# Am I crazy?



## fishfinder05 (Jun 25, 2011)

I am moving to charelston sc area this spring and im looking into buying a boat. I'm not new to boats but new to saltwater boating. Around here an 18ft boat is very common for the rivers and they can get pretty rough. What I'm wanting is a smaller boat that I can go hit the nearshore reefs on. In general they are between 3-10 miles out. I would also lik to take the occasional trip offshore for some trolling and dropping. I've been looking at a Mako 184 which is an 18ft with 150 Honda. It has a deeper hull than the typical bay boat but it still scares me a little. I just want to keep my friends and family safe.

Thanks


----------



## Too Busy (Sep 7, 2007)

How much experience do you have boating? I've been offshore on some small boats and it can get real scary, real quick.


----------



## Too Busy (Sep 7, 2007)

There are a few highly experienced guys down here that will run small boats out to the ledge (50-55 miles from the rocks). They are very careful to pick their days and only run that far in the middle of a stable weather pattern.

There are a good many more that will take a 17 or 18 foot center console out to the nearshore reef and some that will run out to the Charleston 60. The C-60 is twelve miles out. I've been out there some days when it was table top flat. Other days have started flat, then gone pretty quickly to 5-6 footers at < 5 second period just because the wind was blowing from the southwest during a falling tide.

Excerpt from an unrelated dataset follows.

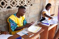 Electoral officials prepare presidential ballot papers at a polling station in Cotonou, Benin, Sunday, April 12, 2026. (AP Photo/Abadjaye Justin Sodogandji)

I'd post up in the fishing match up section on CF.com and go with more experienced guys for a while. There are a lot of good guys down here, willing to share knowledge and experience for a split of the gas/bait and help clening when you get back to the dock.


----------



## HStew (Jan 8, 2009)

Wait till you get down there and see what is best for that area. Personally my next boat will be a" Panga" built on the original plans.


----------



## NC KingFisher (Nov 20, 2011)

If your experienced with boats then that will work but if not go bigger. I have a friend who takes a 19ft triton to the stream


----------



## fishfinder05 (Jun 25, 2011)

Thanks for the reply guys. Im not an super experienced boater by any stretch. I think it's in my best interest to go ahead and spend a lil more for a bigger boat. My plan is to go out with experienced people for a while until I'm comfortable. My main goal is to be able to go on day trips with my son. He is only 3 right now so I have some time to learn the ropes.


----------



## bbcroaker (Jan 6, 2005)

Yes you are crazy!


----------



## Alexy (Nov 1, 2010)

When you ended the first sentance with "i am thinking of buying a boat" I knew then you were crazy..... Like others said I would go ask the boaters who are there what works and go from there.


----------



## Macman (Dec 27, 1999)

Fishfinder05,

My co-worker recently bought boat and we used this site to do some boat homework: http://www.boatus.com/buyer/guide/buyer/finding.asp Very informative with good gouge. Good luck! I remember a rule that I saw on the site from new boat owners lessons learned; they all mentioned that they wished they had picked a boat one size larger.

Macman


----------